Andrew, thank you for the question and, you may answer this one.

Andre Maciel
EVP and Global CFO, The Kraft Heinz Company

Sure. Good morning, Andrew. Good morning to you. Andrew, first of all, we feel, as Miguel said at the beginning, I think we feel very excited and pleased with the results we achieved in the quarter. I'll tell you that a lot of things happened in our favor throughout the month of September. First of all, if you might remember, we had executed a new price increase in the month of August, and the elasticity turned out to be stronger than what we anticipated, which resulted in strong top line. Shipments were very good. I think our team did a great job in the month of September to be able to ship in a much better pace than earlier in the quarter, which also helped it.

We end up spending less promotion also that we had initially anticipated, which is a sign as well that we're being very prudent to put only the promotion that makes sense in our portfolio. Finally, we did have about $30 million one-time FX gains in the P&L, 80% in cost, 20% in SG&A. Those are mostly anticipations from Q4. Okay. That we're able to do in assuming Q3. Obviously, we also had a little contingency, the number given the volatility, right? All in all, I think we're able to have a lot of those things play in our favor. I think it's a testimony here that our organization is moving with the speed and reacting faster to adversities.

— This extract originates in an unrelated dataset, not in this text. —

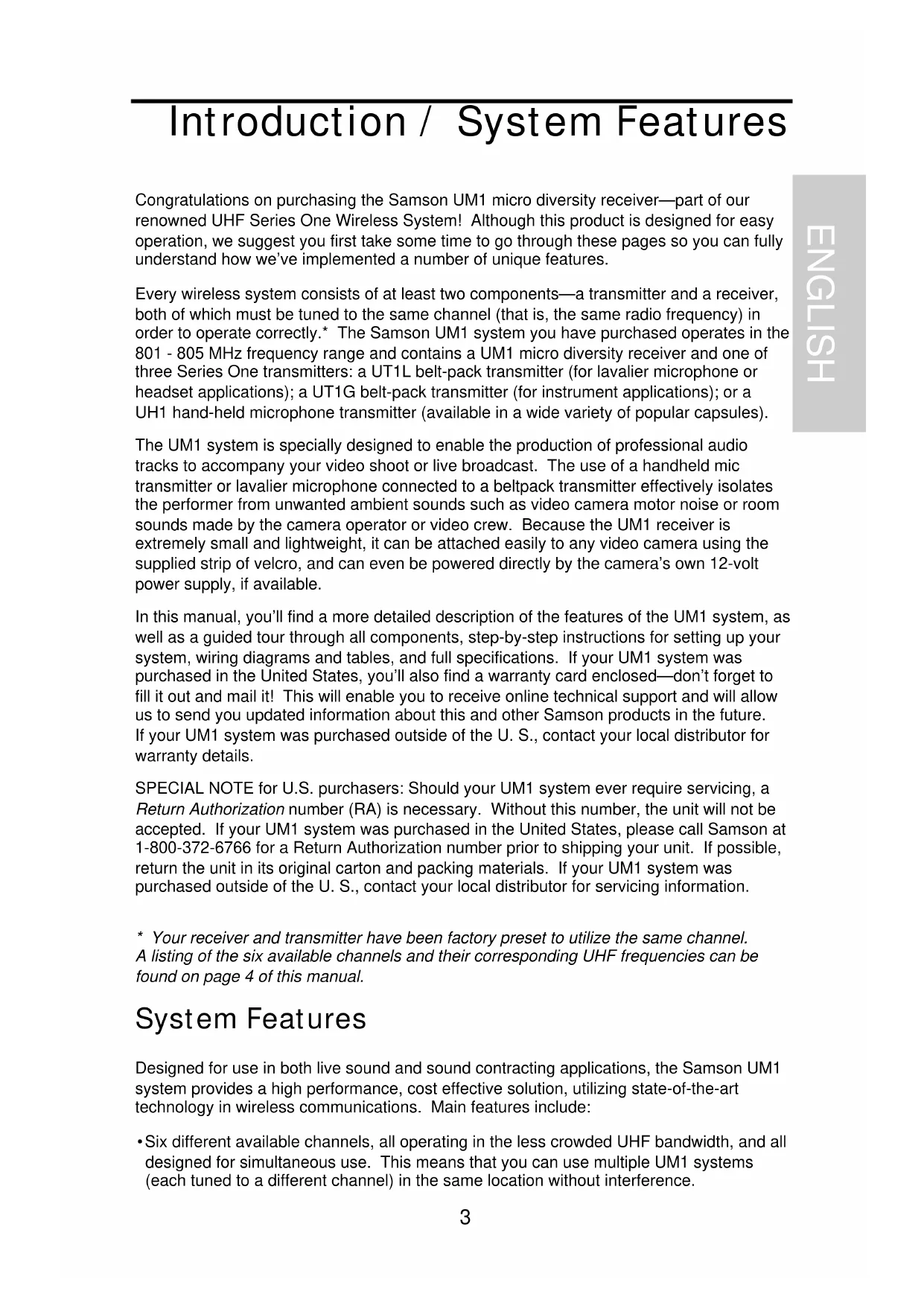 SPECIAL NOTE for U.S. purchasers: Should your UM1 system ever require servicing, a Return Authorization number (RA) is necessary. Without this number, the unit will not be accepted. If your UM1 system was purchased in the United States, please call Samson at 1-800-372-6766 for a Return Authorization number prior to shipping your unit. If possible, return the unit in its original carton and packing materials. If your UM1 system was purchased outside of the U.S., contact your local distributor for servicing information.

Remember that we maintain the guidance for the year in Q3, right? So I think we felt confident about the number that's delivered, and I think we're just reinforcing that now by raising the floor. You can count on us always to be maintaining a transparent dialogue and being timely, in a very timely fashion, like we did back in September when we had the first news about the new inflationary pressure. Great. Great. That's very helpful. Thanks so much. I'll pass it on.

Operator

One moment for our next question. The next question comes from Ken Goldman with JP Morgan. Your line is open.

Ken Goldman
Managing Director and Senior Equity Research Analyst, JPMorgan Chase & Co.

Hi. Thanks so much. You know, you mentioned that your supply chain tightness is still mostly caused by, you know, factors from your upstream suppliers. This is not an uncommon refrain. We're certainly hearing this from, you know, many of your peers. I'm just curious, can you maybe help us better understand what the specific issues are? You mentioned disruptions, I guess, on ingredients and packaging. Does this suggest that the issues are somewhat temporary, they can fade when the disruptions have passed? Or are there maybe some structural problems, I guess, that could take longer to fix? Thank you.

Andre Maciel
EVP and Global CFO, The Kraft Heinz Company

Okay, Carlos, I think that's related to you. Go ahead, please. Yeah. What I would say, first of all, thank you for the question. You know, what I'll say is that I think you can see that the environment continues to be challenging. What I'm really proud is the fact that our team is doing a terrific job of working through the wave of challenges. As we speak, we are both rebuilding inventory and improving service levels. And we have done that through the quarter sequentially in this quarter. I think we continue to see that going forward. I think if I take a step back in terms of overall constraints, what I see is about 80% of those challenges are really due to upstream supply disruptions on ingredients and certain packaging materials.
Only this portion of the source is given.